Saturday, May 25, 2013

Lila's Constructive Day

Lila spent yesterday afternoon and seven hours today with Linda at the Lavender Cottage sewing. She has a natural talent that Linda is trying to encourage at only the cost of materials.

Pajama bottoms

Dress that she says "looks like a potato sack".

I like it.


And if she wants to make sacks for our potatoes that is fine with me!

(They still need to be planted)





I think our amarillys is confused with all our cold weather.
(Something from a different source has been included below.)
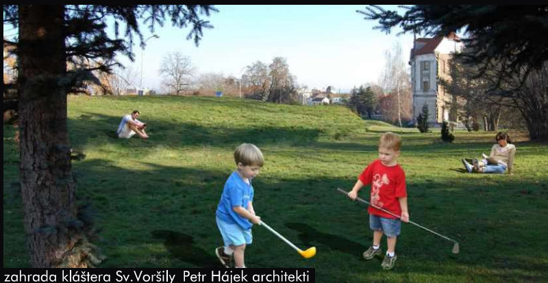
zahrada kláštera Sv.Voršily_Petr Hájek architekti

It decided to bloom again.

The blooms were so big it got top heavy and came crashing to the floor from its perch on the window sill, so we now have a bowl with blossoms gracing the table.

Next post will be about our big Sam Fin, promise Danny!


Tuesday, May 21, 2013

Alpaca Shearing

On May 10th, we experienced our first alpaca shearing event.  We weren't sure exactly what to expect, but were educated through the process quickly and learned how to improve upon our organization for next year.

First, you need to catch an alpaca.  Will was our alpaca wrangler and he did it gracefully!

You catch one, convince them they need to step on the plywood and then you pick them up, someone gently grabs the head and pushes it down while the handler lowers the animal.  It actually can be done fairly gently.
(the picture is fuzzy because everyone is in motion!)
You need to have a spot where the alpacas can be tied; the legs are hobbled together and the animal stretched out on a mat or plywood. 
Someone needs to be at the front of the animal holding the head down and when the front legs are shorn they need to be held out and up as well.  It takes a minimum of three people in addition to the shearer to function. We actually had five.

Joanne, on the opposite side of the shearer, is collecting and bagging the fiber.  Ideally there is someone steadying the hind legs as well, like the photo below.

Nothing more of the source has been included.